> _TASK ITEM_:
Your output should be the lines below from the one holding "Easyboost Photo Print" through the one holding "从资金流向上来看,当日元宇宙", transcribed exactly, with no pictures.

Records drawn from a dataset
+ + + + + + +

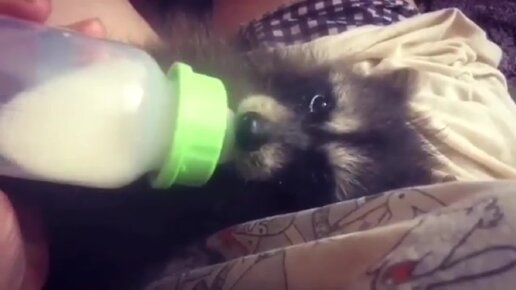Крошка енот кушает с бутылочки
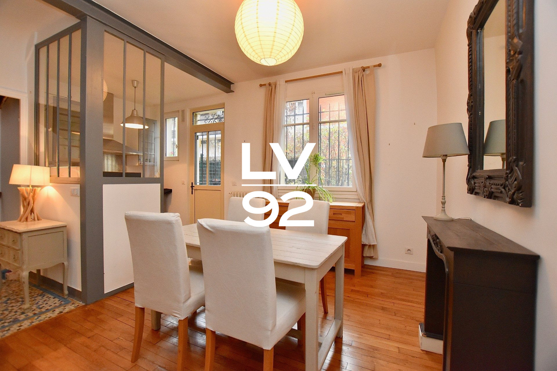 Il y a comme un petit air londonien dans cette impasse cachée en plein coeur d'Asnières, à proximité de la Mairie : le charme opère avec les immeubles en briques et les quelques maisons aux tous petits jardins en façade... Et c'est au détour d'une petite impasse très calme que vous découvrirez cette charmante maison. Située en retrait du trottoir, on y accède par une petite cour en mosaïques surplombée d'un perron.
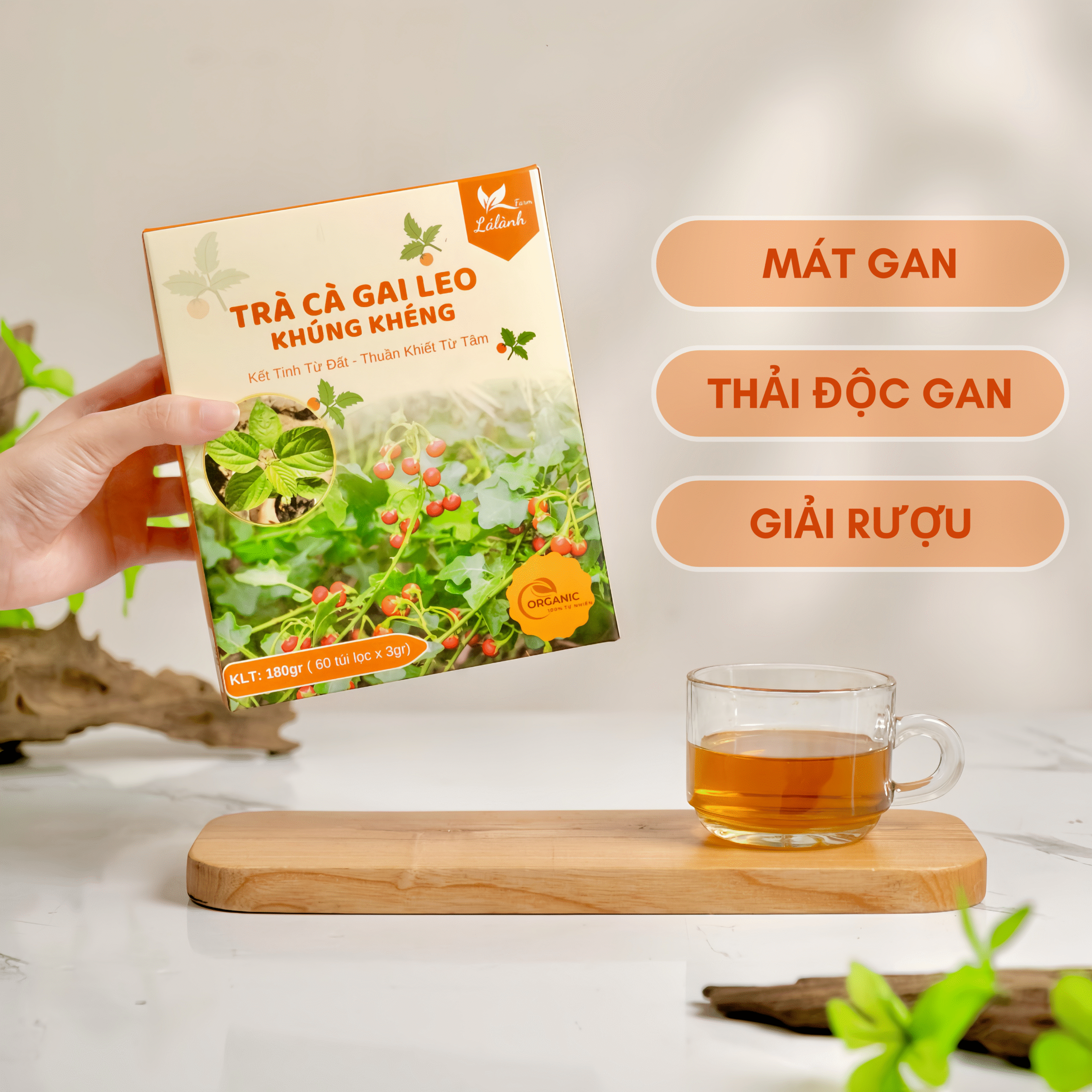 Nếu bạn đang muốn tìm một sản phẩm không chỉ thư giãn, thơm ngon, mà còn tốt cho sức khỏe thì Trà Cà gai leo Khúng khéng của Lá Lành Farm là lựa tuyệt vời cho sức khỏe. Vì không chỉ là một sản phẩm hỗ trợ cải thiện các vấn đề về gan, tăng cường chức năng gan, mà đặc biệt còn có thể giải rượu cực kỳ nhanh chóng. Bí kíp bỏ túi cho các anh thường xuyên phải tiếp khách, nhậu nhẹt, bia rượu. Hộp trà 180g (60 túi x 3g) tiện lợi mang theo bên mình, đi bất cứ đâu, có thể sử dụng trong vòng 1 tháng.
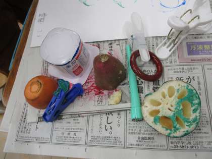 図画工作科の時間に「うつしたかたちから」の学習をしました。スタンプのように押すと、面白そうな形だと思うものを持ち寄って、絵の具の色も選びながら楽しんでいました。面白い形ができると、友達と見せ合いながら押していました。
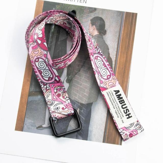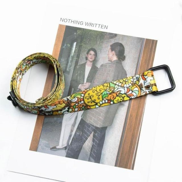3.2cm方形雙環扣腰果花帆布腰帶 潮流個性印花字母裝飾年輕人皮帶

+ + + + + + +

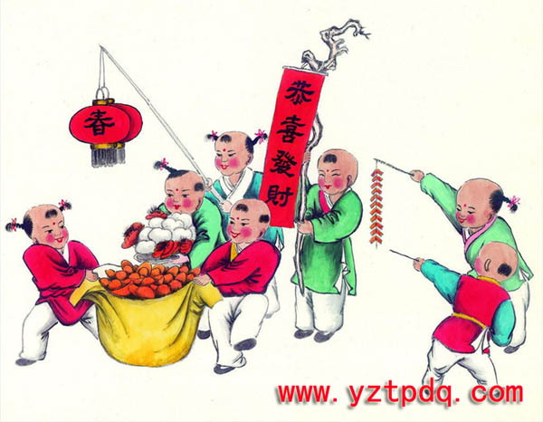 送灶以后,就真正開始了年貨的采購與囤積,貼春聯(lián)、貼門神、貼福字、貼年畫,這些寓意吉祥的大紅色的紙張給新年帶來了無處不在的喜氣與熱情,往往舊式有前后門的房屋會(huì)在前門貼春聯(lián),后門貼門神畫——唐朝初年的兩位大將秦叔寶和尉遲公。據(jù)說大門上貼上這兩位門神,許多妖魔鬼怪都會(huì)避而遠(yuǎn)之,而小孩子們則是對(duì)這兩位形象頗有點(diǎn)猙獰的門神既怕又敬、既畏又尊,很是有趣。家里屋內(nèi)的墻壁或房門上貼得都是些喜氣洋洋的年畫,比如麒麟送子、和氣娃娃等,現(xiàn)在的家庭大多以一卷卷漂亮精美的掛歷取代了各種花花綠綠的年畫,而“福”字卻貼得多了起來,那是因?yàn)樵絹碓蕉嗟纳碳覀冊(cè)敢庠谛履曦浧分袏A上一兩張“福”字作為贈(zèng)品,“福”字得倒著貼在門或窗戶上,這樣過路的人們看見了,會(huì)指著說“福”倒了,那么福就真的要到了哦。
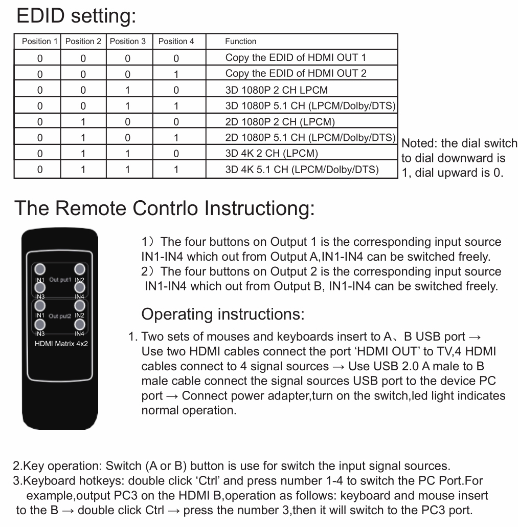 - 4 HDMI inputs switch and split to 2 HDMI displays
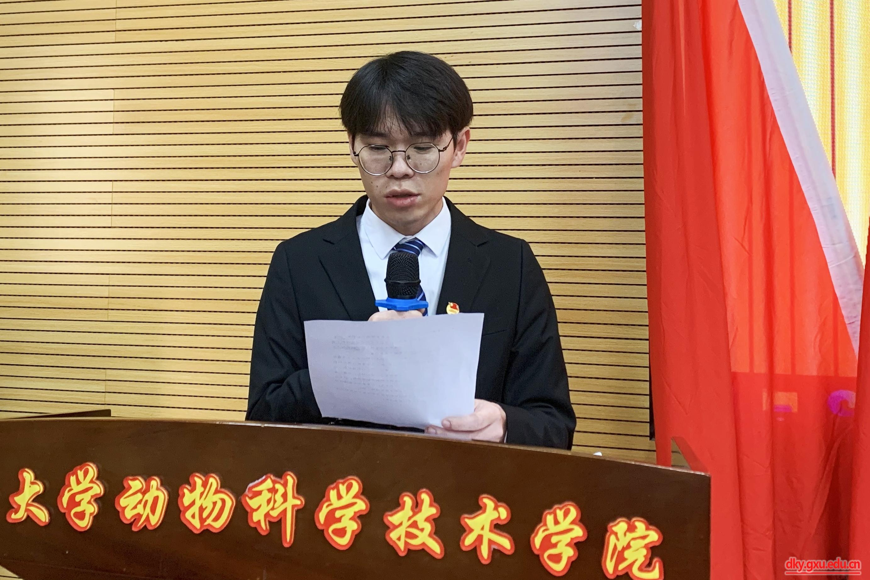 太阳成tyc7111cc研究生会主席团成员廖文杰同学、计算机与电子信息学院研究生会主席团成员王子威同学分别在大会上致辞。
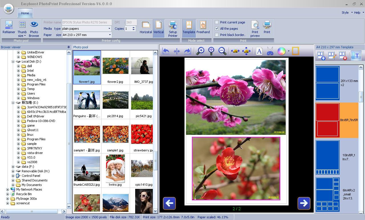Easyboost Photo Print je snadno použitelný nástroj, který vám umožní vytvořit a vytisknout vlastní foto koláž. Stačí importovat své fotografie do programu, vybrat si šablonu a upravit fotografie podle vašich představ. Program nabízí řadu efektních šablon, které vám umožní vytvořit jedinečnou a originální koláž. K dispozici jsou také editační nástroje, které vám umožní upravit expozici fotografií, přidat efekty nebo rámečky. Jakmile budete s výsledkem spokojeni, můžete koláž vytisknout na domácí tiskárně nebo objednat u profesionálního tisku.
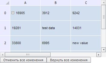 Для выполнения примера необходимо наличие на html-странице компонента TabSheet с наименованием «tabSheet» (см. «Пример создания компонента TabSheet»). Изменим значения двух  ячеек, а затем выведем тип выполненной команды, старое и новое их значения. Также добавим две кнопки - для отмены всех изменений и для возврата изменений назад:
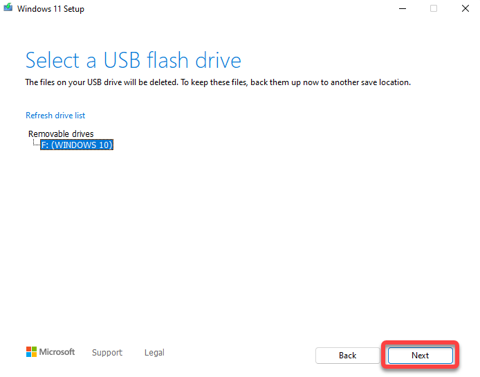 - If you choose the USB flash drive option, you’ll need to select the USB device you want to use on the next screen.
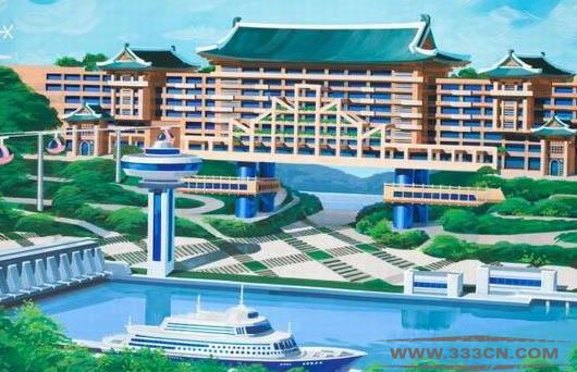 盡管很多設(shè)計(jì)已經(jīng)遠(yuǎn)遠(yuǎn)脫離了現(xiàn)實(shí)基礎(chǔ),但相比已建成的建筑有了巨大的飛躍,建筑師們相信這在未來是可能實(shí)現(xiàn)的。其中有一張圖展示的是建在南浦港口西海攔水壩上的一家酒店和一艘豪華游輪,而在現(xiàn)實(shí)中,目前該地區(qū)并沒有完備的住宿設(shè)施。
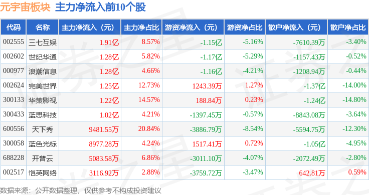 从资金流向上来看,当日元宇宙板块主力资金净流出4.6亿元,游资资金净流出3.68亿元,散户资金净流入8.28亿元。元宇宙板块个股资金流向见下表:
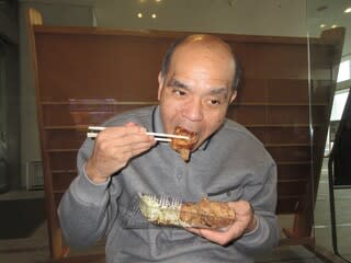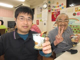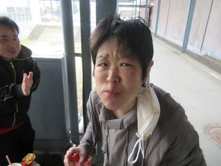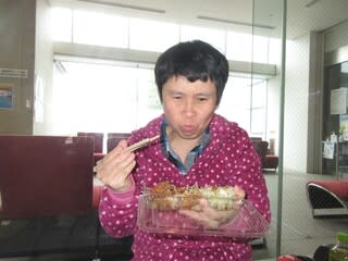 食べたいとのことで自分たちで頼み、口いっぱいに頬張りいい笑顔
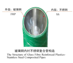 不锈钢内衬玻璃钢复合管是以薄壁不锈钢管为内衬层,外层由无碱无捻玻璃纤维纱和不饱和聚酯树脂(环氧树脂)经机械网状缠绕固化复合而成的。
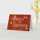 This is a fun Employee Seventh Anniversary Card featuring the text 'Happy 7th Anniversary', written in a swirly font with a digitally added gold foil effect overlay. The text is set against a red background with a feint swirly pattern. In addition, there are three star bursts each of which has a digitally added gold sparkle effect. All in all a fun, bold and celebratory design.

+ + + + + + +

> _RESULT OF THE EXERCISE_:
Easyboost Photo Print je snadno použitelný nástroj, který vám umožní vytvořit a vytisknout vlastní foto koláž. Stačí importovat své fotografie do programu, vybrat si šablonu a upravit fotografie podle vašich představ. Program nabízí řadu efektních šablon, které vám umožní vytvořit jedinečnou a originální koláž. K dispozici jsou také editační nástroje, které vám umožní upravit expozici fotografií, přidat efekty nebo rámečky. Jakmile budete s výsledkem spokojeni, můžete koláž vytisknout na domácí tiskárně nebo objednat u profesionálního tisku.
 Для выполнения примера необходимо наличие на html-странице компонента TabSheet с наименованием «tabSheet» (см. «Пример создания компонента TabSheet»). Изменим значения двух  ячеек, а затем выведем тип выполненной команды, старое и новое их значения. Также добавим две кнопки - для отмены всех изменений и для возврата изменений назад:
 - If you choose the USB flash drive option, you’ll need to select the USB device you want to use on the next screen.
 盡管很多設(shè)計(jì)已經(jīng)遠(yuǎn)遠(yuǎn)脫離了現(xiàn)實(shí)基礎(chǔ),但相比已建成的建筑有了巨大的飛躍,建筑師們相信這在未來是可能實(shí)現(xiàn)的。其中有一張圖展示的是建在南浦港口西海攔水壩上的一家酒店和一艘豪華游輪,而在現(xiàn)實(shí)中,目前該地區(qū)并沒有完備的住宿設(shè)施。
 从资金流向上来看,当日元宇宙板块主力资金净流出4.6亿元,游资资金净流出3.68亿元,散户资金净流入8.28亿元。元宇宙板块个股资金流向见下表:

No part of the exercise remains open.